Collocater is a Python library for retrieving the collocations to be found in a message. The ontology it operates on has been scraped from the Online OXFORD Collocation Dictionary.
Collocater can be added as a pipeline component to SpaCy's preprocessing pipeline, so that a messages' collocations can be retrireved the same way its named entities can.
Check out Collocations Finder to learn more about the project.
pip install collocater --no-deps
from collocater import collocater
import spacy
from pprint import pprint
collie = collocater.Collocater.loader()
nlp = spacy.load('en_core_web_sm')
nlp.add_pipe(collie)
text = "If this isn't a bunch of beautiful flowers I don't know what is!"
doc = nlp(text)
print(doc._.collocs) # returns [bunch of, bunch of beautiful flowers, beautiful flowers]
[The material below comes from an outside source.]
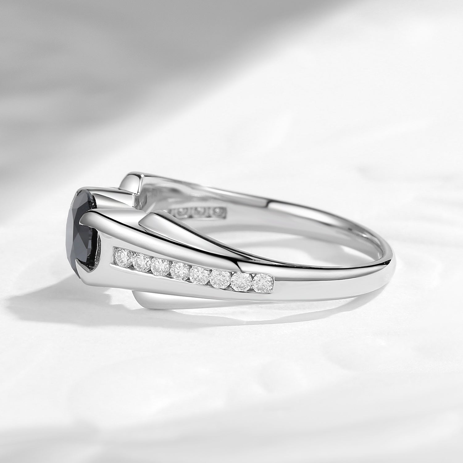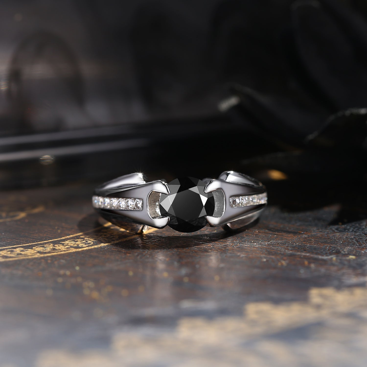 Round Black Moissanite Men's Ring Solitaire Wedding Ring

#Tokens with associated collocations in text:
colls = [(col.text, col.start_char, col.end_char, col.label_) for col in doc._.collocs]
pprint(colls) # returns [
# ('bunch of', 16, 24, 'bunch_noun__prep'),
# ('bunch of beautiful flowers', 16, 42, 'flower_noun__quant'),
# ('beautiful flowers', 25, 42, 'flower_noun__adj')
# ]
print(collie(text))
#{'beautiful flowers': {'coll_type': 'flower_noun__adj', 'location': [7, 9]},
# 'bunch of': {'coll_type': 'bunch_noun__prep', 'location': [5, 7]},
# 'bunch of beautiful flowers': {'coll_type': 'flower_noun__quant',
# 'location': [5, 9]}}
Pull requests are welcome. For major changes, please open an issue first to discuss what you would like to change.
Please make sure to update tests as appropriate.